|
|
|
|
|
by beagle3
3116 days ago
|
|
> Instruction cache misses are rarely going to be a limiting factor. k's performance is a combination of a lot of small things, each one independently doesn't seem to be that meaningful. And yet, the combination screams. The main interpreter core, for example, used to be <16K code and fit entirely within the I-cache; that means bytecode dispatch was essentially never re-fetched or re-decoded to micro instructions, and all the speculative execution predictors have a super high hit rate. When Python switched the interpreter loop from a switch to a threaded one, for example, they got ~20% speedup[0]; I wouldn't be surprised if the fitting entirely within the I-cache (which K did and Python didn't at the time) gives another 20% speedup. [0] https://bugs.python.org/issue4753 |
|
Yes, I presume it's very fast because of a number of smart design decisions. I would guess that the relatively small on-disk size of executable is a consequence of these decisions, rather than a cause of the high speed. And as you point it, it's really the design of the core interpreter that matters.

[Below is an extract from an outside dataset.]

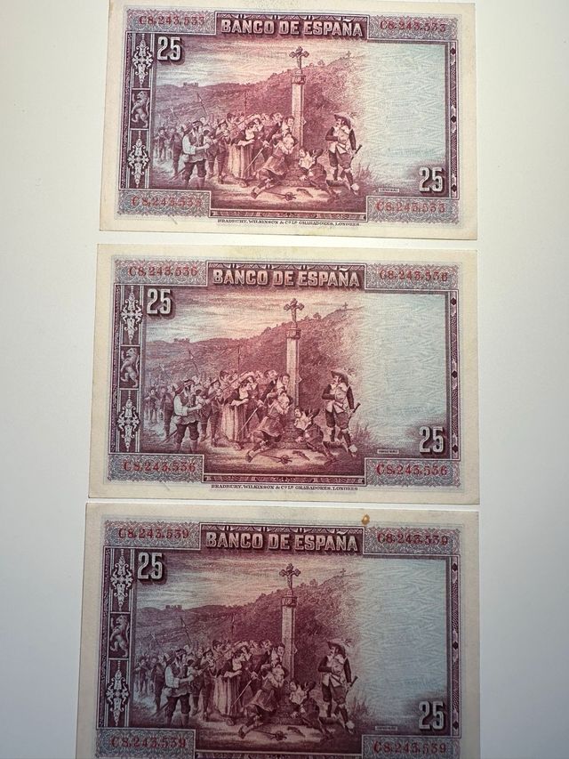 Detalles del producto🪙 3 Billetes 25 Pesetas – 1928

When Python switched the interpreter loop from a switch to a threaded one, for example, they got ~20% speedup[0]; I wouldn't be surprised if the fitting entirely within the I-cache (which K did and Python didn't at the time) gives another 20% speedup.
I'm familiar with this improvement, and talk it up often. Since certain opcodes are more likely to follow other opcodes (even if they are globally rare) threaded dispatch can significantly reduce branch prediction errors. But despite not having measured the number of I-cache misses on the Python benchmarks, I'd be utterly astonished if there were enough of them to allow for a 20% speedup. My guess would be that the potential is something around 1%, but if you can prove that it's more than 10% I'd be excited to help you work on solving it.